Le soir meme, nous sommes accueillis a bras ouverts dans la famille d'Ainipa. Son retour est comme une fete, et nombreux sont les voisins qui passent ce soir-la pour le voir, ainsi que les nouveaux venus. Deux jeunes moines, des meres avec leurs petits (Ainipa a ramene des vetements de la ville pour les petites filles), mais surtout, ce sont les grand-meres, toutes en costume bulang, qui se relayent au coin du feu pour nous pincer les joues. Pour l'une d'entre elles, nous sommes ses premiers "laowais" (etrangers blancs). C'est quelque chose, tout de meme...
La grand-mere maternelle d'Ainipa s'eprend de nous parce qu'elle a l'impression que nous nous aimons beaucoup (quelle drole d'idee! ;-)) - ce qui est plus rare chez eux, puisque la majorite des mariages sont arranges. Le baiju (alcool local dont l'effet socialisant fut deja conte a propos de l'Emei Shan) et les joints aidant, elle impose a chacun de nous un massage des plus vigoureux, avant de nous prier de nous resservir au moins trois fois de chaque plat et de nous mettre au lit de force, afin que nous prenions un repos bien merite. Sacre personnage!
Le troisieme jour, une etape plus facile etait prevue au programme, mais le sort en decide autrement, puisqu'une pluie diluvienne s'abat sur nous une grande partie de la journee, transformant les etroits sentiers en ruisseaux, en profonds bourbiers ou en veritables patinoires. Les buffles d'eau, parfaitement a l'aise dans ces conditions, nous narguent de leurs sourires beats. Le jeu en vaut pourtant la chandelle, car nous arrivons bientot dans un cadre charmant. Au beau milieu d'un ecrin de verdure tropicale, se love un etang couvert de lotus en fleurs. En son centre, se trouve une petite ile, ou se dresse une fine pagode doree, entouree de buissons de fleurs rouges. La legende bulang raconte que, il y a bien longtemps, un village s'etendait a cet endroit. Un jour, les villageois pourchasserent et tuerent un daim dore. Tous participerent a la chasse, ainsi qu'au banquet qui s'en suivit, sauf une femme et sa fille. Le lendemain matin, le village avait disparu sous les eaux, inonde, a l'exception de... la maison de ces deux misericordieuses. Depuis, sur le lieu de leur habitation, se dresse la belle pagode. L'etang est, parait-il, tres poissonneux, mais, a chaque fois qu'un Bulang y peche un poisson, il doit le presenter au temple bouddhiste. Les poissons seraient-ils les anciens villageois qui avaient sacrifie le daim dore? Nous aimons l'imaginer...

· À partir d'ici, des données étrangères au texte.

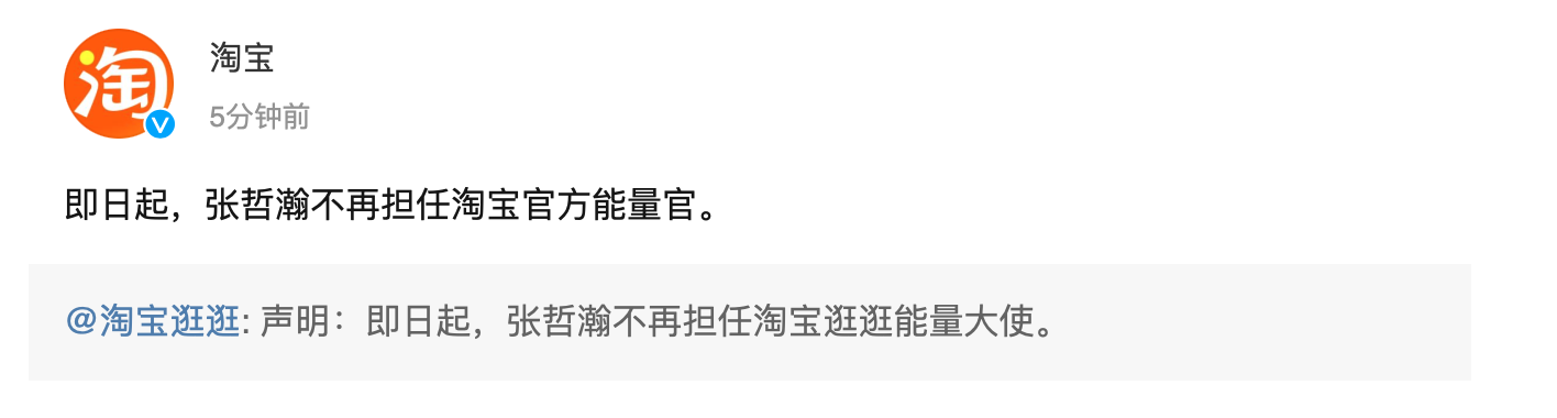 8月13日晚,@淘宝逛逛 发文称,即日起,张哲瀚不再担任淘宝逛逛能量大使。随后,@淘宝 转发该微博表示,即日起,张哲瀚不再担任淘宝官方能量官。

Ce dernier soir, les sourires et la generosite de nos hotes nous ravissent, une fois de plus. Leur maison est ouverte a tous, en toute simplicite. Les Bulangs nous auront donne une belle lecon de disponibilite.
Le quatrieme et dernier jour, ce fabuleux trek touche a sa fin, alors que nous longeons une crete qui nous offre une vue plongeante sur le Myanmar voisin, nous laissant reveurs...

Voila, nous avons succombe a l'envie de vous raconter notre derniere aventure chinoise...

Merci a vous tous qui nous laissez des commentaires, car nous avons a nouveau acces a notre blog et c'est un vrai plaisir de vous lire!